Okay, let's jump into this. So here is a a former Federal Reserve Economist John Roberts We're going to start with what he says about the surprising December summary of economic projections and then we're going to lead into how does this potentially affect rate Cuts Coming from the Federal Reserve Now, it's also worth noting that guess who shared this particular piece on monetary policy? It was none other than Nick T. Now Nick T is actually really important when it comes to where things are coming from because Nick T This guy over here on Twitter is the kind of guy who's been known to be the Federal Reserve's mouthpiece, so if he says something, there's a chance it actually came from the Federal Reserve And what's fascinating about this is that John Roberts starts by saying holy smokes, we had a Fed here that went aggressive. They thought that in 2023, based on the last summary projections, we're going to be knocking on the door of a recession, a low, much lower GDP estimate than anyone was expecting.

We have a higher inflation estimate than anyone who is expecting PC at 3.1 percent, which you're going to see some data in just a moment that suggests this is way high compared to what we actually think we're going to get, and a Fed funds rate capping out at 5.1 percent. also much higher than the September projection and higher than anybody thought. So you had a pretty aggressive Fed report here. John Roberts Thought that this was really surprising that the FED has this heightened pessimism around inflation, which doesn't really make much sense because the incoming data for inflation hasn't really been that bad.
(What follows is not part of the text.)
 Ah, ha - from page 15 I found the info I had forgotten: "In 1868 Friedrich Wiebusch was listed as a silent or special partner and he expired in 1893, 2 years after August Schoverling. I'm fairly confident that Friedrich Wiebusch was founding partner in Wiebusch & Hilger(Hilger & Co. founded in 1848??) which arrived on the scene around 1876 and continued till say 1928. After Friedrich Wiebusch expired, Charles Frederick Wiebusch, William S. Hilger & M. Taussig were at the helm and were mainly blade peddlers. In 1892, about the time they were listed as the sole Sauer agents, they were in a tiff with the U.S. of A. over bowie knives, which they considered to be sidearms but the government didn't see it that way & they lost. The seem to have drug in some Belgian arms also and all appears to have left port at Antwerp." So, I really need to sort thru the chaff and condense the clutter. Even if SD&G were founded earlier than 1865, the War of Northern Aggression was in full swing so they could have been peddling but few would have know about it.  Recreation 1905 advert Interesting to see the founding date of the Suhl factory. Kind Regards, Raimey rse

The Uh: in September we saw core prices rise 0.6 percent, which isn't great, but in October November we saw them only rise an average of 0.25 percent. So why is the Fed being so aggressive? Well, many think there are two explanations for this. One explanation is the Fed basically just wants to keep this Stone Cold Hard face on and they're basically saying, hey, look, inflation coming down. That's what we expect.
We're going to keep hiking and basically they're trying to push the markets to over correct to the downside to make sure that inflation doesn't pop up like a golfer at Whack-a-mole or I guess that's like a mole pop in their head. But anyway, you get the idea they don't want it to pop up again, they want to keep it down and they'd rather push harder than they need to to make sure there's no chance of it coming up again. and that over pushing could really push us into a recession. Now there is the potential argument that, well, maybe they're worried about wages, right? That third piece of the inflationary puzzle: that wages are too stubborn that over the three months through November average hourly earnings Rose At 5.8 percent at an annualized rate up from 4.8 percent of the preceding three months, that's a problem.
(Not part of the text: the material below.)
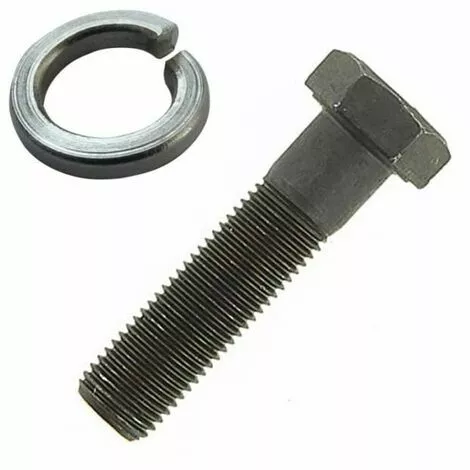 Vis de lame pour tondeuse avec rondelle frein Ø10mm ; Filetage 9.5mm 3/8″ 24UNF ; Longueur sous tête : 76mm ; Acier bruni ;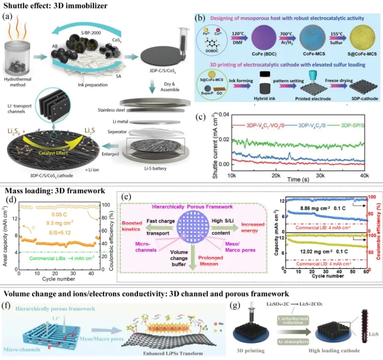 图7聚焦于3D打印硫基正极,展示了如何通过3D打印优化硫正极的接触面积和离子/电子传输路径。

But when we actually dig into the labor reports as we've done many times already on this channel, what's a quick summary of what we find? Well, we see that labor force participation is up, a sign that people are running out of their stimulus check money and credit card spending is so high that they need to go out and basically get another job. This is why we're seeing more multi Ai jobbers and more part-time workers boosting the unemployment numbers. We're actually seeing lower real job gains. When you look at the Philly Fed, the Philly Fed tells us yeah, we didn't create a million jobs in the second quarter of 2022.
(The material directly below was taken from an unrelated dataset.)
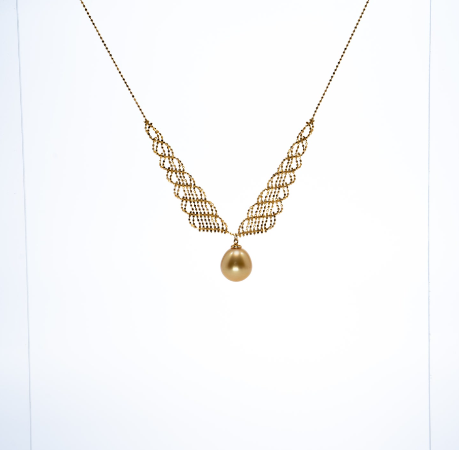 ANGEPERLE S925 silver seawater pearl South Sea Golden Pear pendant 11-12mm(TSZZN140)

Maybe we created 10 000 new jobs. In other words, the actual number of job gains is being way overstated and in our last report, we actually saw wage gains get revised down at the same time as average hours worked per week is is coming down, which would actually put upward pressure on the data. Really suggesting that wages are actually starting to flip-flop. But the problem is if wages do end up flip-flopping, look what you get here and you actually get unemployment.

Rising You do increase the risk of a recession, which The Increased risk of recession increases the odds of big cuts, which we're going to talk about big time in just a moment. But look at this. This is actually a really interesting comment here from the the Uh from from the article Nick T shared. They suggest here that wait a minute.

We have never seen the unemployment rate Rise by more than half of a percent outside of a recession. Now that's actually really interesting because what you have is the projection that the unemployment rate is actually going to rise by somewhere around one percent. If that actually happens, then we're probably looking at a recession, which is likely going to be followed by Massive rate cuts, which is exactly what the market is starting to price in right now, especially if it's true that Peak inflation is behind us now. What's fascinating is what the market is starting to price in.
According to Vandertrack in this email I received this morning, investors are no longer focused on the terminal rate. Instead, they're focused on the coupon code linked down below for the programs on building your wealth and making more money like in the elite Hustlers Course the new course showing you all the tax benefits and tricks I know for building your wealth or people wanting access to those fundamental investing live streams where I break down earnings reports, a cash flow statements, balance sheets with you and we do it all together and I answer your questions. check those out. Link down below.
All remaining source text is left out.